Defendant persists on his appeals to the Appellate Division and before this Court, nevertheless, that the trial court may have partially tripped up in its implementation of the plan to prescreen prospective jurors to determine whether any of them required particularized examination regarding bias or hostility. Defendant claims, with surgical splicing of the record, that the trial court thus violated his plenary Antommarchi right to be present. The dissent goes even a step further to argue, in effect, that Antommarchi protocols and protections were automatically triggered by the court’s announced procedure, regardless of subsequent compliance by questioning in the presence of defendant. We disagree with the contentions and record interpretations proposed by both defendant and the dissent.

Neither initially nor at the implementation phase was there any Antommarchi violation emanating from the absence of the defendant during the preliminary Bench screenings of jurors, who were not excused for cause, but who were put on the court’s "Antommarchi list” for further inquiry in Chambers concerning possible partiality. As to these jurors, the court followed the announced, agreed-upon step by substantially conducting proper, de novo Antommarchi inquiries, with the defendant present. We are satisfied on the state of this record that defendant was given a "full and fair opportunity to give meaningful input regarding the discretionary decision to challenge [the juror] peremptorily including the option to conduct *563extensive additional voir dire where [the juror’s] responses to questions could be observed and heard” (People v Roman, supra, 88 NY2d, at 29).

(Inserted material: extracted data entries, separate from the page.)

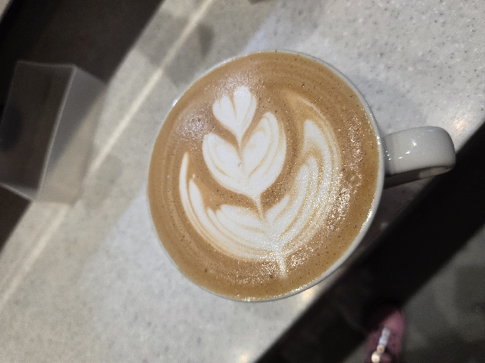 - "The image displays a close-up, overhead view of a white ceramic coffee cup containing a light brown beverage topped with white foamed milk latte art" by FM-ainSZ2, licensed under CC BY 4.0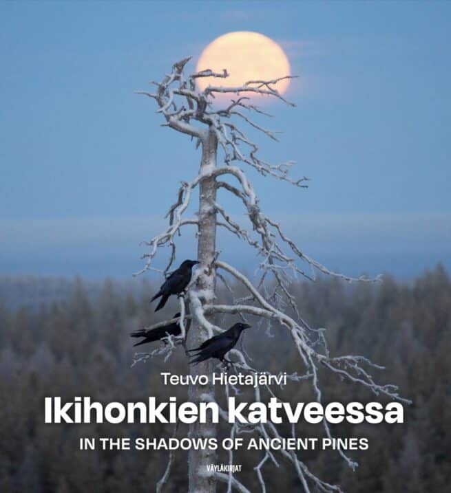 Kirjan kuvatekstit ovat myös englanniksi, samoin kuin esipuhe. Ikihonkien katveessa on luontokuvaaja Teuvo Hietajärven Itä-Lapin luontotrilogian kolmas osa. Se kertoo ainutlaatuisen upein kuvin Itä-Lapin jäljellä olevista luonnontilaisista ikimetsistä ja niiden vuodenkierrosta. Keskeisessä osassa on ikihonka eli kelo. Se on metsien komistukseksi hitaasti syntyvä luonnonvara, jota on nähtävillä yhä vähemmän. ´ Kirja perustuu pääosin Värriön tutkimusaseman tutkimuksiin ja aseman luomiin mahdollisuuksiin kuvata ikimetsissä. Myös itäisen Lapin muita osia eläimistöineen on runsaasti esitteillä kirjassa. Kirjassa otetaan kantaa myös metsien käyttöön ja ihmisen vastuuseen niistä Luomakunnan kruununa. Teuvo Hietajärven luontokuvakirjojen trilogian aikaisemmat osat: Erämaa elää – Metson matkassa Itä-Lapin kairoissa, Väyläkirjat 2017; Valkeuden valtakunta : Tutkimusmatka tykkylumeen Itä-Lapin lakimetsissä, Väyläkirjat 2021. Teuvo Hietajärvis new book In the shadows of ancient pines” is the third part of the nature trilogy about the primeval forests of Eastern Lapland, natural forests and their annual cycle. An important part of the book is about the ancient pine snags, which are a diminishing, slow-growing natural resource and the forest’s majesty. The book is largely based on the studies of the Värriö research station and the opportunities created by the station to photograph in old-growth forests. Other parts of Eastern Lapland with their fauna are also presented in the book. Book also takes a stand on the use of forests and humanity’s responsibility for them as the “Pinnacle of Creation”.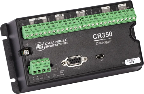Bộ thu và xử lý dữ liệu CR350 là bộ Datalogger đa chức năng gọn nhẹ giá thành rẻ. Thiết bị được tích hợp các đầu Terminal có thể tháo rời. Nâng cấp cổng giao tiếp so với model CR350 có thể đo được hầu hết các loại cảm biến trong lĩnh vực thủy văn học, khí tượng học môi trường công nghiệp. Thiết bịsẽ tập trung dữ liệu tạo cơ sở sẵn có trên nhiều mạng lưới khác nhau và truyền tải sử dụng giao thức truyền thông tương ứng.Model CR350 cũng được tiến hành tự động tại hiện trường hoặc từ xa để điều khiển và giao tiếp M2M. Model CR350 được ứng dụng lý tưởng trong các dự án có quy mô nhỏ yêu cầu quan trắc tự động từ xa trong thời gian dài.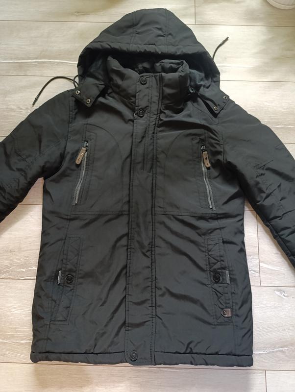 Теплая зимняя удлиненная мужская куртка с капишоном, рукав на манжете, четыре кармана, два внутри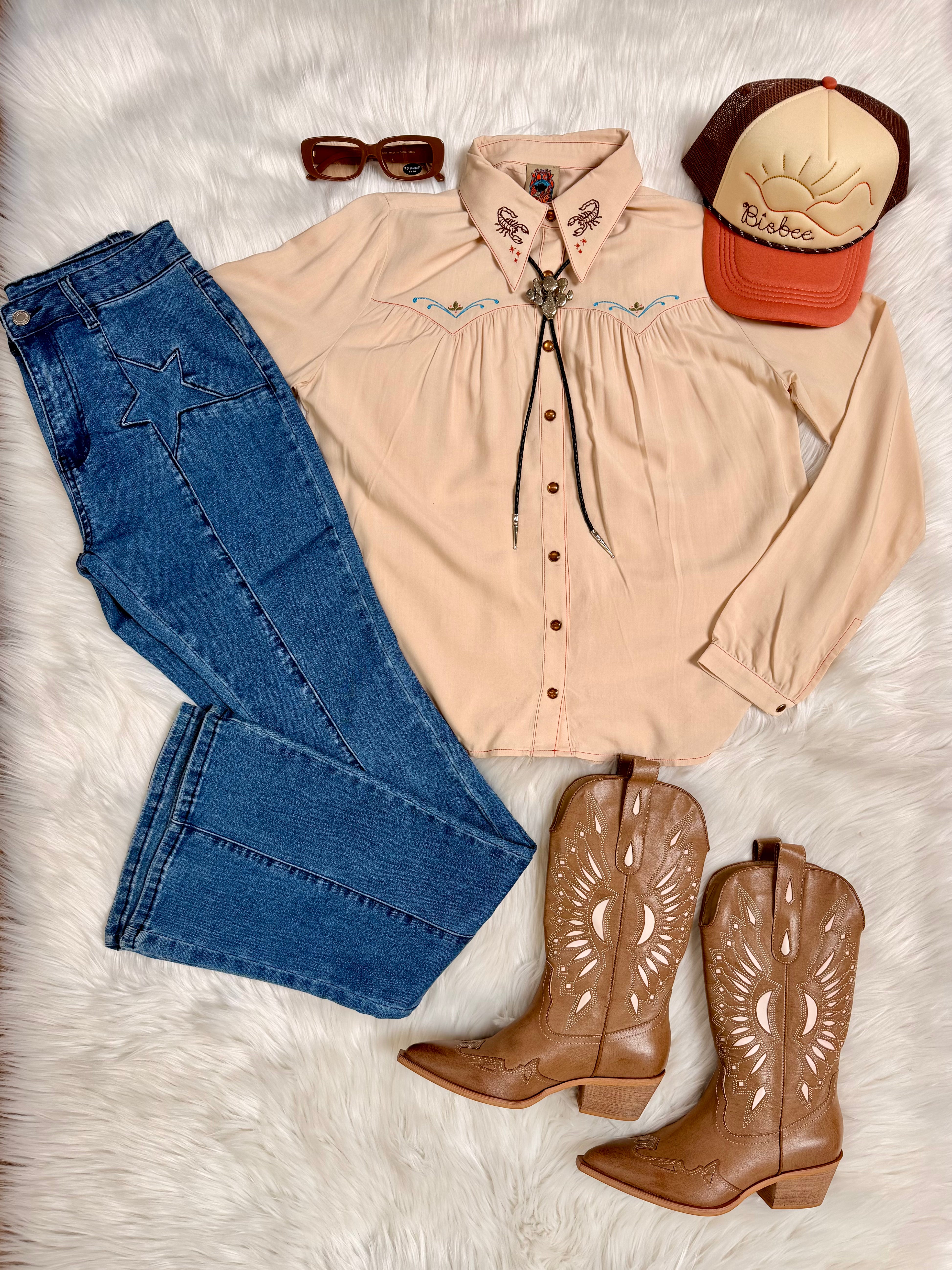 "Designed first in California, most of our products are crafted with vegan blended leather. They undergo a specialized distressing process to get the weathered look you love-- just like genuine leather, our blend gets more distress and character with wear. Stay clear of water to avoid stains. Our materials are safe to spray with water proofing protectant, but please note that some sprays will slightly alter product color." - Xoxo, Mi.iM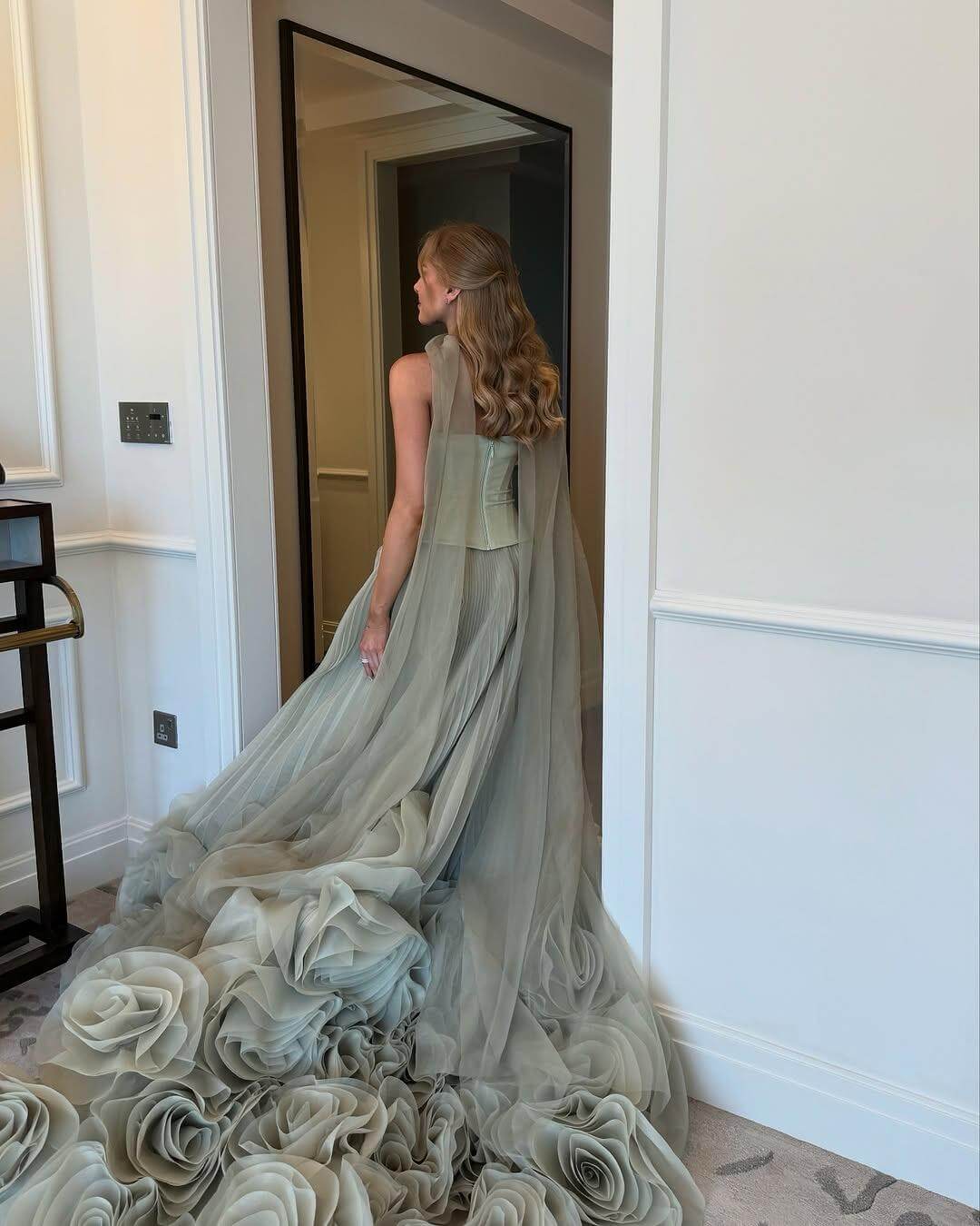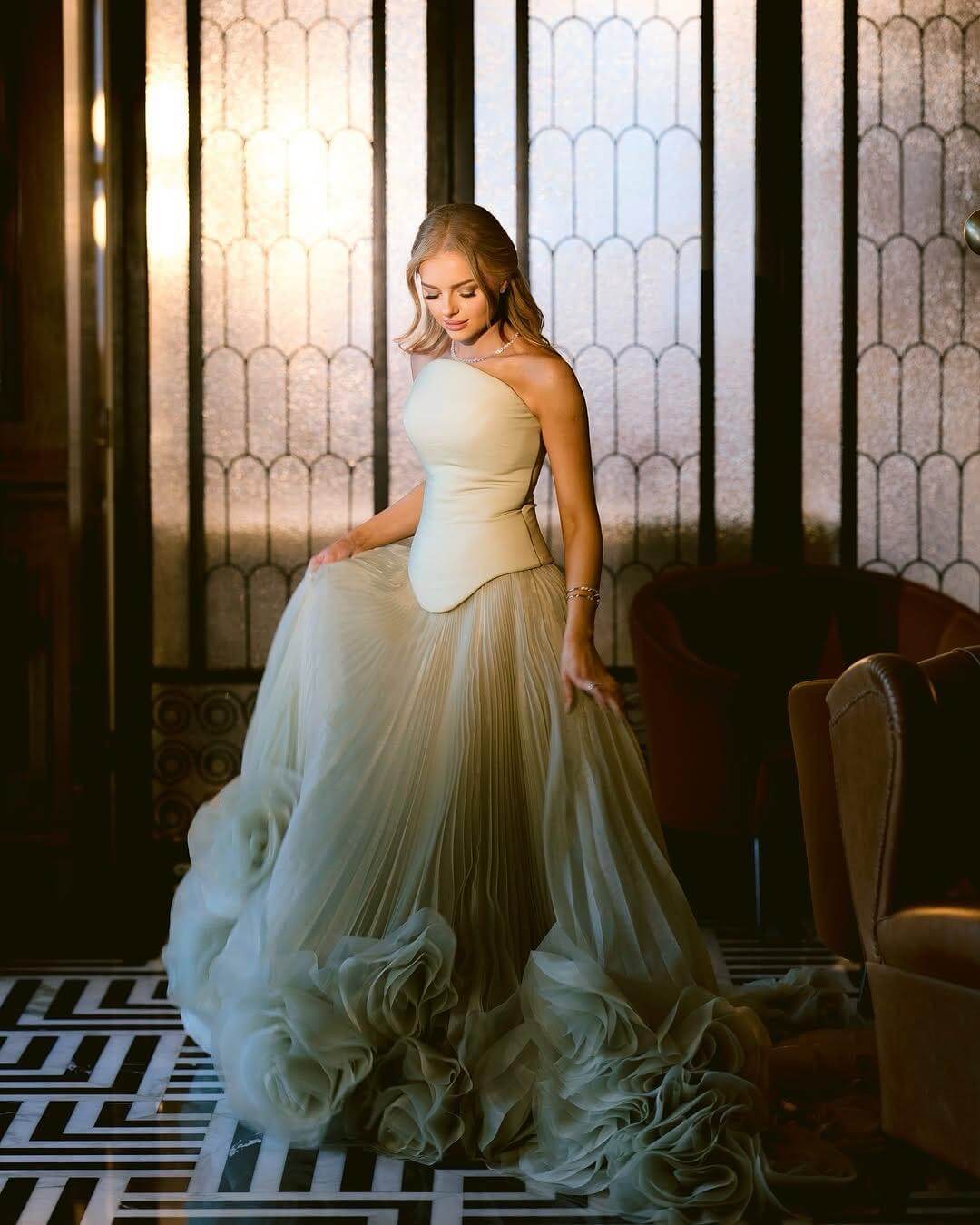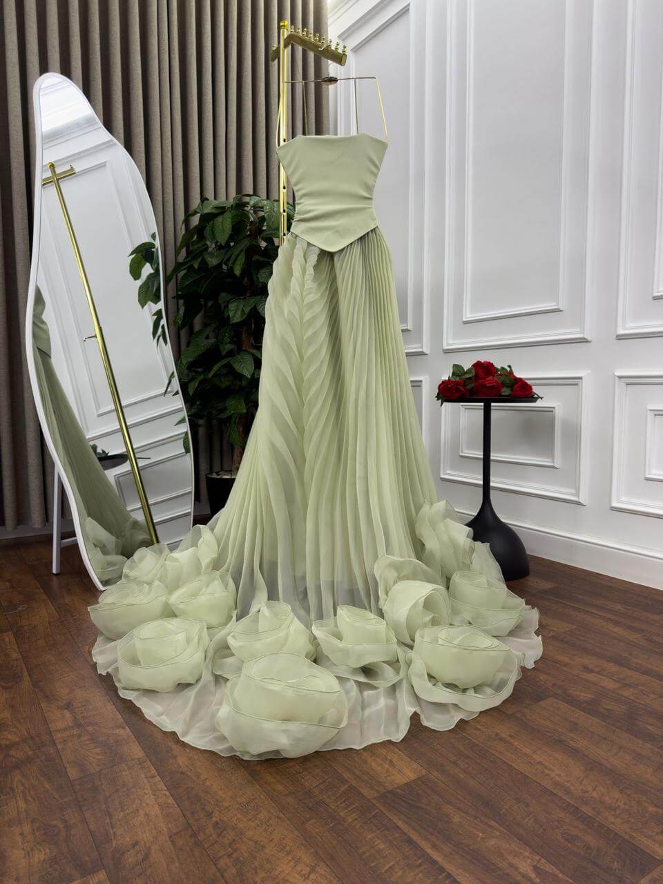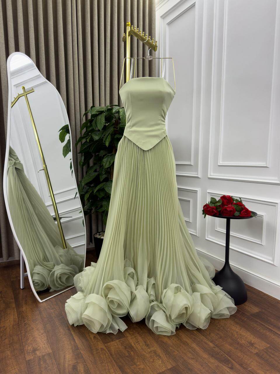 إطلالة أنثوية ساحرة يقدمها هذا الفستان الراقي باللون الأخضر الفاتح، بتصميم يعكس الفخامة والرقي. يتميز بتفاصيل ورود ثلاثية الأبعاد في الأسفل تضيف لمسة من الجمال والرومانسية، مع قصّة متناسقة تبرز جمال القوام. اختيار مثالي للسهرات الفاخرة، حفلات الزفاف، والخطوبة.

Quite cogently, this case is distinguished, upon careful analysis, by the fact that the trial court here expressly articulated its intent to comply with Antommarchi, proposed a procedure which facially adhered to the Antommarchi standard, and then carried it out reasonably and substantially with all counsel agreeing and particularly participating (compare, People v Maher, 89 NY2d, at 325, supra, and People v Roman, 88 NY2d, át 28, supra). Appellant’s argument and the dissent’s acceptance of it thus fail to persuade because the state of this record does not support the very premises of its construct. Rather, the record pointedly refutes the theoretical underpinnings of defendant’s claim of error. Moreover, the dissent’s implication that we "overlook” the personal presence touchstone of these cases (dissenting opn, at 567) fails to take note of our careful and integrated analysis, attention and application of all the relevant principles.

Defendant, it must be noted, points to the absence of a transcript of the preliminary screening — the pre-Antommarchi sidebar discussions, conducted by the trial court with both counsel present, expressly preserving the Antommarchi inquiries for later when the defendant would be, and was, personally present. We are not convinced, as we have shown, that the claimed lapse even occurred or that it, in any event, measured up to a legally documentable or cognizable Antommarchi error. The gossamer thread of appellant’s theory and argument just does not hold together under this Court’s precisely delineated line of realistically evolving precedents, as applied to the case proceedings in the well of this trial court. What happened here does not measure up to a justifiable basis for reversing, because defendant, in any event, did not make a proper record and even contributed to the lack of availability of a fuller record by the stipulation and particularized implementation actions. Defendant’s carefully peeled and examined contention, adopted by the dissent, proposes to expand the scope and reach of the Antommarchi protection and rubric beyond the theoretical premises and practical, realistic necessities of the rule itself and its actual implementation in this case. If defendant’s theory were accepted, as the dissent proposes to do, it would also unwisely limit appropriate methodological flexibility, which trial courts ought to be entrusted with and ought to possess.

*564Accordingly, the order of the Appellate Division should be affirmed.